Mike LaPorte, a familiar figure in Derrick in those years, and Art LaPorte of this community, took out samples of ore, but to paraphrase Northrup: “All to no purpose. The region continued to sternly resist all attacks on its treasures.”

In 1913, Charles Elliot started a mangle roller mill that shipped up to three carloads of hardwood rolls per week to markets abroad. Elliot only ran that mill for two years before he moved it to Tupper. In 1917, the Oval Wood Dish Company started another lumber boom at Derrick. A 19-mile railroad was built and logging operations flourished. But it died out after three years. In 1937, railroad service between Moira and Tupper was ended and Derrick began a steady decline, with many of its families moving to this community. Today, only one original building – a New York and Ottawa Railroad section house –  remains, and Derrick became close to being on of the Adirondack’s forgotten villages.

In 1980, however, a group known as the Township 10 Hunting Club leased property that included Derrick. (Note: The observations that follow are ones noted as I intermittently followed over the last two years the route of John Hurd’s New York and Ottawa Railroad from Moira, near the Canadian border, to Tupper Lake – a vital part of our local history.) The club has a spacious clubhouse, neat and clean, with a well-appointed interior that includes a large fireplace and a gallery of related photographs. Comfortable seating arrangements sit on a height of ground overlooking Blue Pond, the centerpiece of the club’s property. It is a communal place designed for members to meet and converse and to avail themselves, on weekends during the hunting season, the offerings of the current chef de saison. Two roads intersect here: one from Floodwood was the original stagecoach road that brought guests from the station directly to the famous Saranac Inn, guest capacity 121. (In the late 1940s, when I caddied at that exciting place, it had grown to an 800-guest capacity.) The other road comes in from Tupper and follows exactly the former railroad grade. Both roads have gate attendants.

Small hunting camps are located randomly within the club’s boundaries and some can be found along the ponds, such as the Twin Willis Ponds, Mud Pond and Blue Pond, to name several. The club is managed by its members under enlightened guidelines. The surroundings are inviting and well maintained. Rules in place for deer hunting are based on Quality Deer Management techniques. The dues structure is modest (under $400 annually), and the club has a long waiting list for membership openings. Nearby is Spring Pond Bog, the second-largest open expanse of peatland (sphagnum) in New York. (The land where my grandmother was raised in Ireland was rich in similar peatland, and her family supported their farm by harvesting, drying and selling peat for fuel. It remains a valuable commodity there and in Scotland.) Efforts to harvest Spring Bog peatland for fuel and gardening purposes were sidetracked when the Adirondack Nature Conservancy purchased the site to “protect it in its natural, undisturbed condition for all to enjoy and study.”

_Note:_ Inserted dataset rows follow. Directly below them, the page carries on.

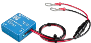
Bluetooth-avkänning Smart Battery Sense
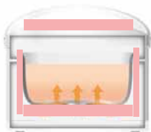
Calore dal fondo, dalle pareti e dall'alto Mechanical heater on the bottom, side and top
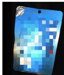
袋装产品中表面破损视觉图像
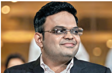
పాక్, బంగ్లాకు వార్షికోత్సవం

ముంబై: క్రికెట్లో ఐసీసీ సుప్రీం అని పరోక్షంగా పాకిస్తాన్, బంగ్లాదేశ్కు మరకలంటించాడు ఐసీసీ ఛైర్మన్ జైపా. భారత్, శ్రీలంక సంయుక్తంగా ఆతిథ్యమిచ్చిన టీ20 ప్రపంచకప్లో పాకిస్తాన్, బంగ్లాదేశ్ నాలుకాలపై ఎట్టకేలకు జైపా మోసం వీడారు. భారత్లో ఆడించిన నిరాకరించిన బంగ్లా దేశ్ టోర్నీ నుంచి తప్పుకుంది. బంగ్లాదేశ్కు సంఘ బాంధవంగా పాకిస్తాన్ కూడా టీ20 ప్రపంచకప్లో టీమిడియాతో జరిగే మ్యాచ్ను బాన్సెయిట్ చేస్తానని డెకలరేషన్ చేసింది. బివరకు యూటర్న్ తీసుకుని మ్యాచ్ ఆడింది. టీ20 ప్రపంచకప్ ముగిసిన వారం రోజులకు జైపా దీనిపై స్పందించాడు. ముంబైలో జరిగిన ఇండియన్ బిజినెస్ లీడర్ అవార్డులలో మాట్లాడు
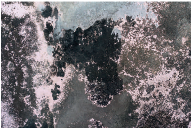
Das Ergebnis eines Wasserschadens mit Schimmelfall: Verschiedene Pilzgattungen und -arten überziehen mit ihren farbigen Fruchtkörpern die Wand und streuen Sporen
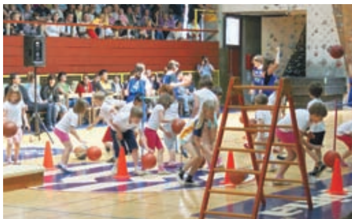
Na zaključni prireditvi projekta Leto športa so učenci pokazali tudi košarkarske veščine. Prav košarko trenira največ otrok na šoli, kar 82.
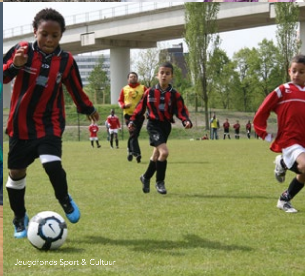
Jeugdfonds Sport & Cultuur
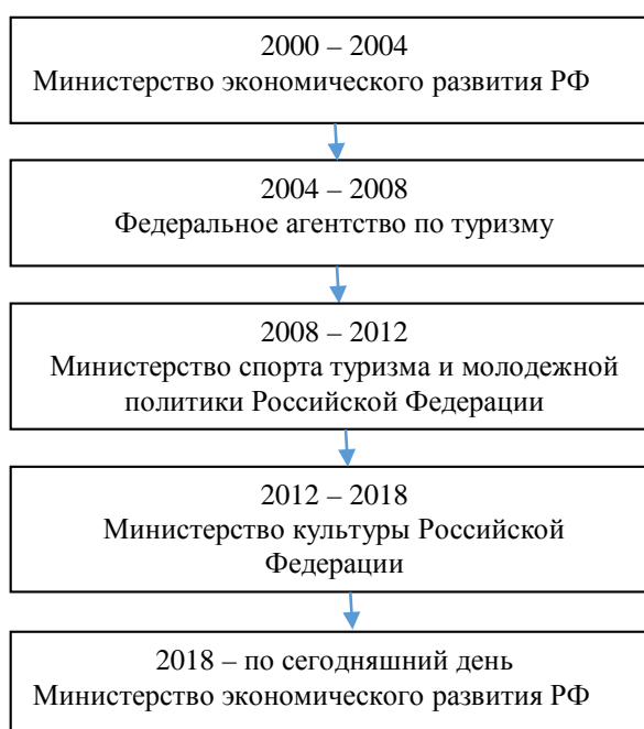
Рис. 3 - Функциональная трансформация органов исполнительной власти с 2000 года в сфере туризма на территории Российской Федерации (составлено автором на основе источника 4)

Рассмотрим функциональную трансформацию органов исполнительной власти с 2000 года в сфере туризма на территории Российской Федерации:
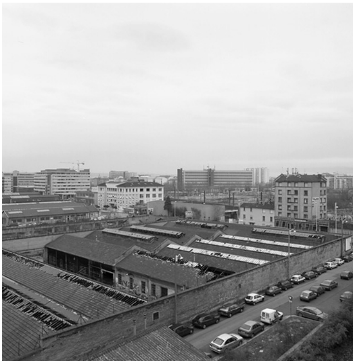
Vue du central téléphonique dans le paysage en 2002
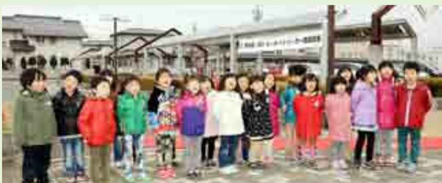
三井物産株式会社=本社:東京都千代田区=が設置した、東松島「絆」カーポートソーラー(カーポート型太陽光発電設備)が市コミュニティセンター・鷹来の森運動公園・大塩市民センターの3か所の敷地内に完成し、完成記念式典が開かれました。式典では子どもたちが完成を祝いました(3月13日、市コミュニティセンター前駐車場)
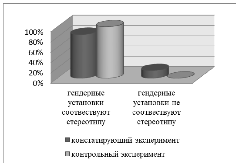
Рисунок 3 - Результаты сопоставительных данных опросника «Я женщина, я мужчина» по осознанию гендерных стереотипов и социальных ролей (констатирующий и контрольный эксперименты)

(автор Л.Н. Ожигова), полученные при его реализации на этапе констатирующего и контрольного экспериментов (рисунок 3).
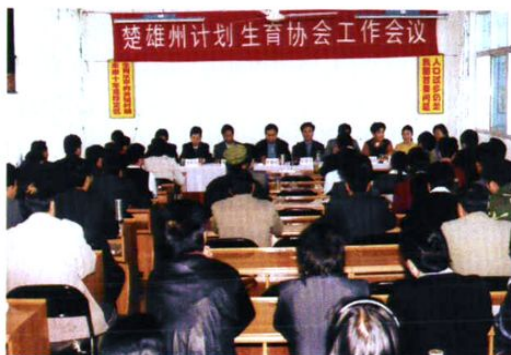
州计生协会召开全州协会工作会议。
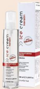
RESTRUCTURING SERUM 100ml

Upotreba: Naneti manju količinu na vlažnu ili suhu kosu. Ne ispirati.
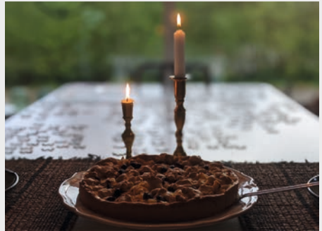
Zur blauen Stunde im Herbst

Am Sonntag, 03.11.2024 , wollen wir gerne die Silberne Konfirmation feiern mit allen, die 1998 oder 1999 in Oldendorf konfirmiert wurden . Um 10.30 Uhr laden wir zu einem feierlichen Gottesdienst mit Abendmahl ein. Im Anschluss daran soll es ein Zusammensein im Hallmannschen Haus geben. Wegen des großen zeitlichen Aufwandes, den unsere Pfarrsekretärin in den letzten Jahren betrieben hat, wollen wir in diesem Jahr darauf verzichten, die einzelnen Adressen herauszusuchen und bitten herzlich darum, diesen Termin in den entsprechenden Jahrgängen weiterzugeben und bekannt zu machen. Wer dabei sein möchte, möge sich bitte bis zum 29.10. im Pfarrbüro unter Angabe des Namens und der Adresse im Familienzentrum in Melle unter Tel: 05422-7092509 oder per Mail unter kg.oldendorf@evlka.de melden. Die Angemeldeten bekommen dann schriftlich weitere Informationen zum Ablauf der Silbernen Konfirmation. Wir hoffen auf Unterstützung, rege Beteiligung und freuen uns auf eine schöne Feier. Pastor Ralf Halbrügge
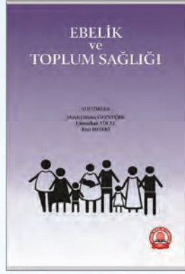
Ebelik ve Toplum Sağlığı Melek Gülsün Özentürk Ummahan Yücel Recı Meserı
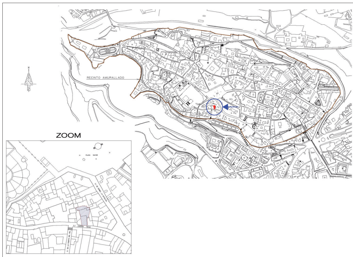
FOTO 1. Plano de situación

ha dado como resultado la documentación, cada vez más frecuente, de estratigrafías donde el horizonte romano tiene un peso importante, asociadas o no a estructuras de esa época.
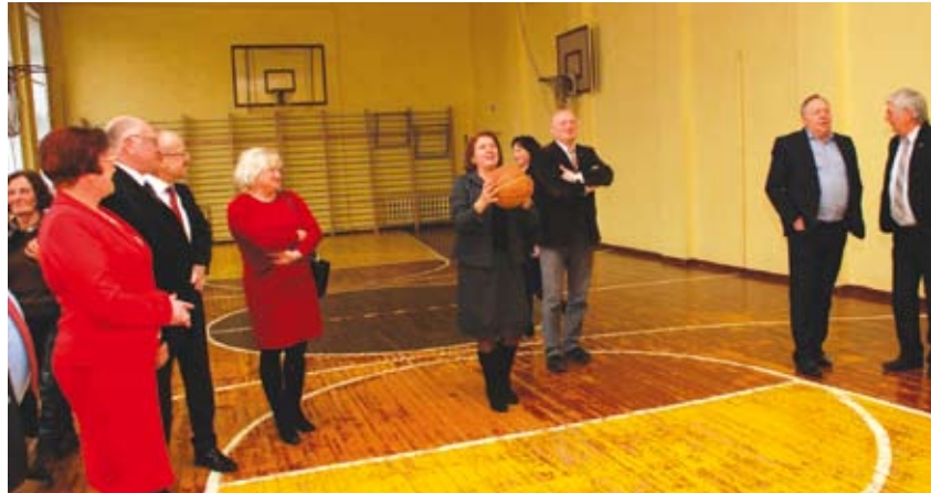
Remonto laukiančioje gimnazijos sporto salėje pasitinkino rankos taiklumą
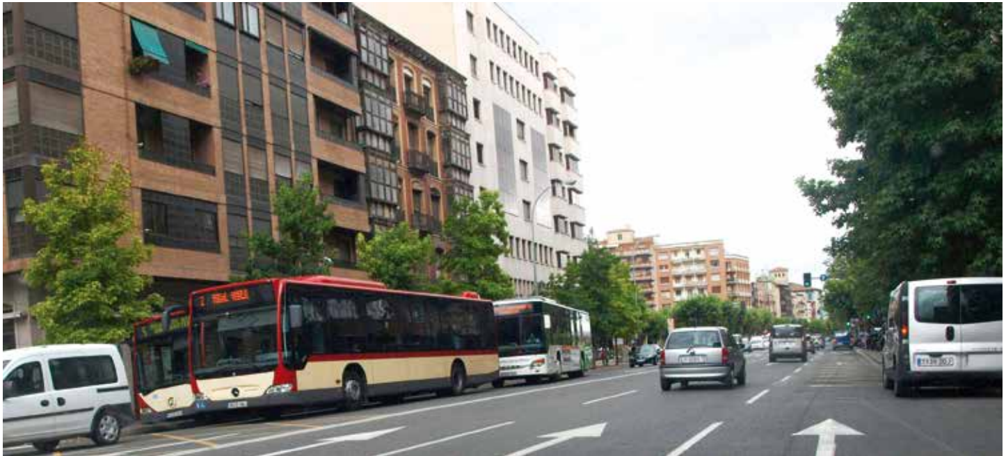
Logroño se incorporó a TESTRA en 2012.

El 25 de mayo finaliza el plazo para que los Ayuntamientos, Diputaciones Provinciales y organismos similares, con competencias en la materia, puedan incorporarse al sistema de notificación de expedientes sancionadores TESTRA. A día de hoy ya son casi mil las Entidades Locales adheridas.
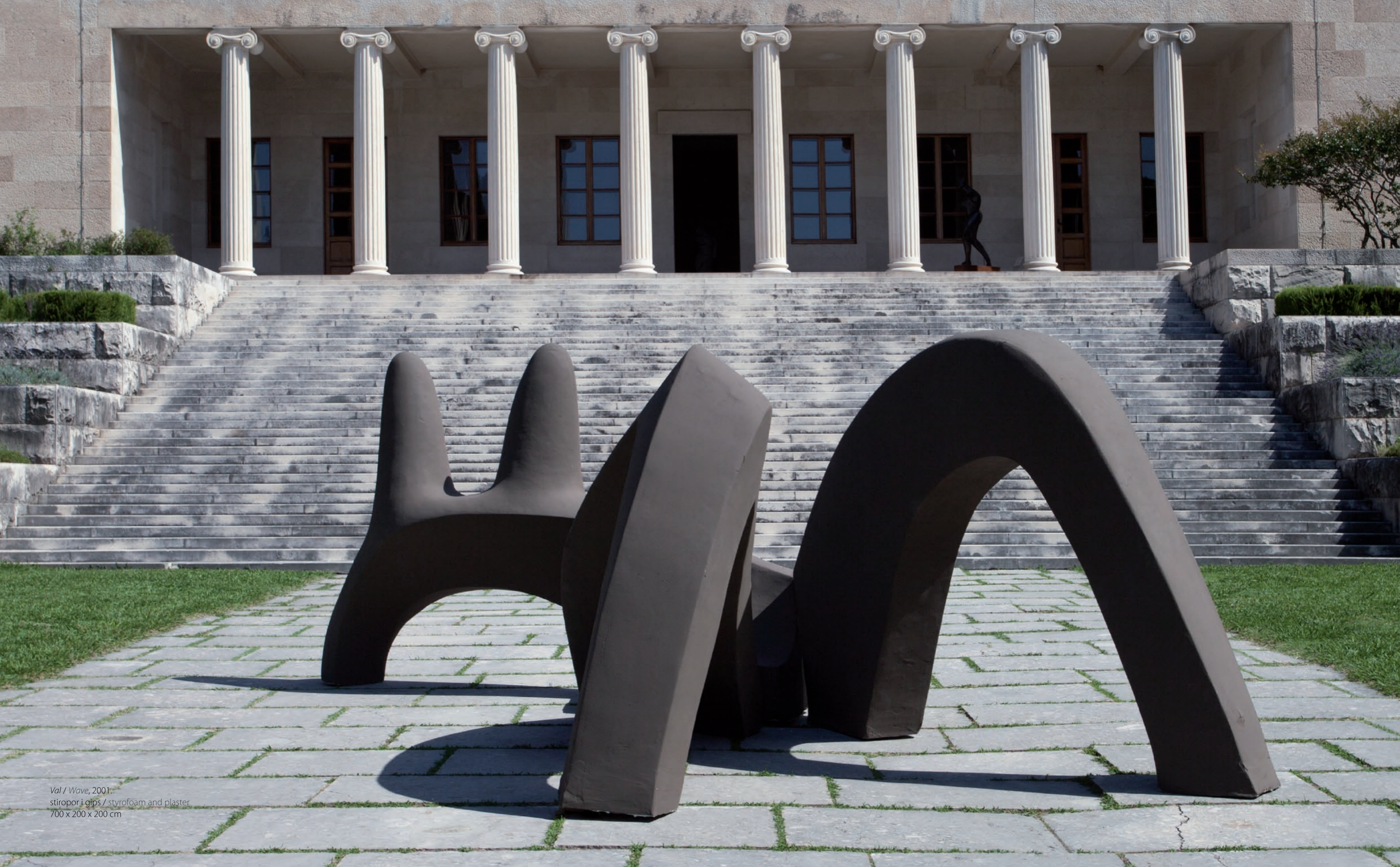
Val / Wave, 2001. stiropor i gips / styrofoam and plaster 700 x 200 x 200 cm
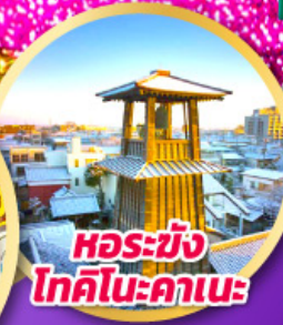
หอรบั้ง โทคิโนะคานะ
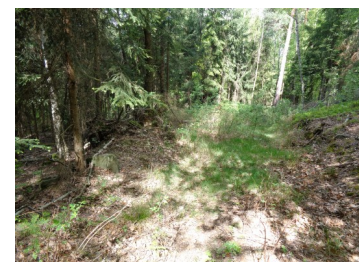
Weg zum Wackelstein Links den Pfad nehmen
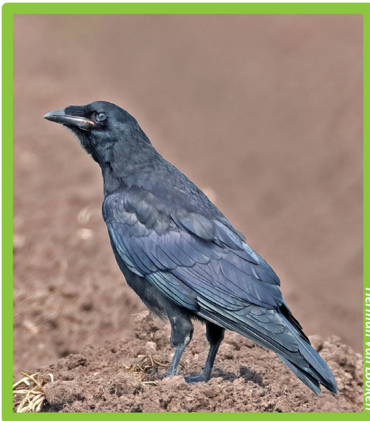
Herman Van Looken

Roeken komen in de maand februari naar de nestlocaties en beginnen met het slijpen van takken naar de oude nesten of bouwen er nieuwe bij. De aanwezigheid van deze lawaaierige burens wordt nogal eens als overlast ervaren. In Brecht begonnen in 2003 met het vernietigen van nesten op drie locaties. De brandweer spoot de nesten uit de bomen, zelfs tot ver in april, de tijd dat er reeds jonge roeken in de nesten liggen. In 2006 kwam er een einde aan deze vervolgingen. Dit verdelen had weinig zin, want roeken zijn in staat om binnen enkele dagen een nest te bouwen, wat de vogels in Brecht dan ook deden. Bovendien zocht een aantal roeken van het gemeentepark een nieuwe locatie op, een 400-tal meter verderop -waar de
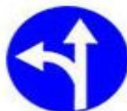
4.1.5 Движение прямо или налево
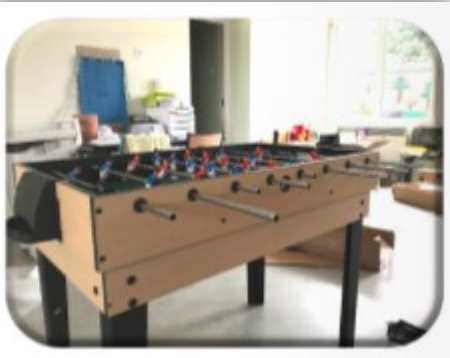
Jeux modulaires pour les enfants du périscolaire
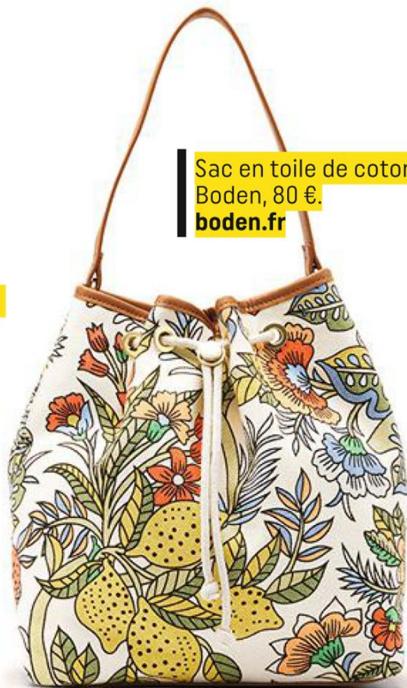
Sac en toile de coton, Boden, 80 €. boden.fr
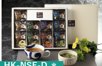
HK-NSF-D * 賛否両論 笠原将弘監修 フリーズドライスープ 国産生姜スープ×2・国産玉ねぎスープ×1 たまごスープ×3・濃厚トマトスープ×1 お揚げと小松菜のスープ×3
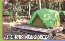
移動用テント(6人)×30張
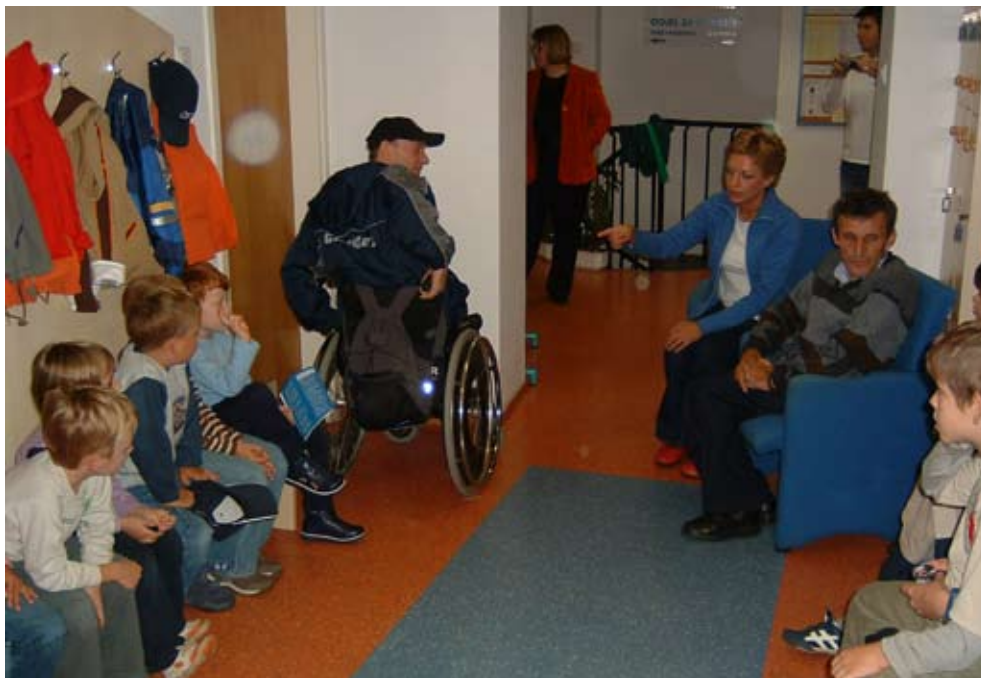
Edukacija o posebnim potrebama osoba s invaliditetom provodi se sustavno
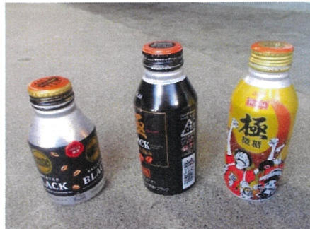
キャップのついたアルミ缶 → キャップを外す
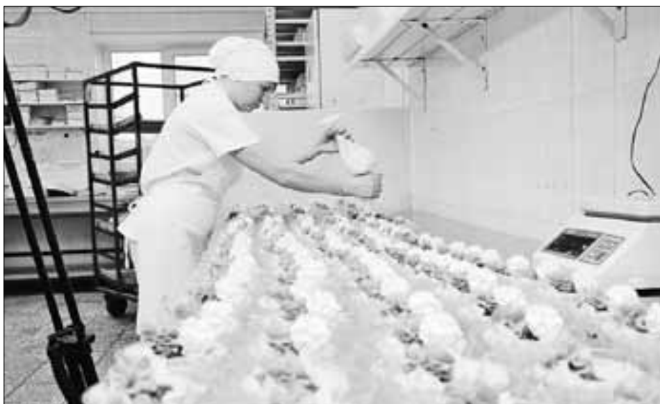
■ «Сладкая работа» в кондитерском цехе.
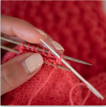
7. Nadel von re nach li durch die erste hintere M ziehen ...
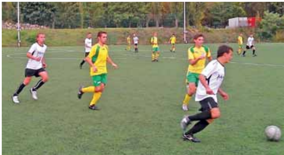
W meczu w Łodzi drużyna z Bielaw nie zdołała zdobyć bramki.

Kadetki Księzaka przygotowują się do rywalizacji w lidze. str. 37
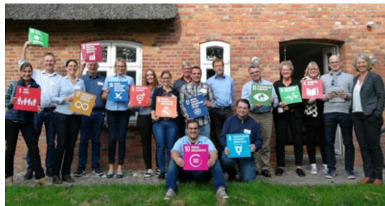
Gruppenfoto des dritten Workshops
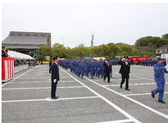
消防団員の部隊行進

Gone today in Derrick is the high-pitched whine of the busy sawmills, some of which produced (in a 16-hour day) as much as 110,000 board-feet daily. Gone also is the rumbling clickety-clack, clickety-clack of four trains daily that coursed through the hamlet (early fare 5 cents a mile). Derrick is now a place of quiet, of recreation, a place to unwind and disconnect, and where – mirabile dictu – the natural beauty has remained. Blue Pond still reflects the color of the stately pines along is shorelines that, together with the unique mineral content of its water, produces the impossible cerulean blue that gave it is name. The sunsets over the great bog are as spectacular as Louis Grenier, a late Tupper Lakem, who as a childhood resident of Derrick from 1899 to 1912, remembered them at age 90. In an oral interview, he said, “Derrick has the most beautiful sunsets that I ever saw in my life!”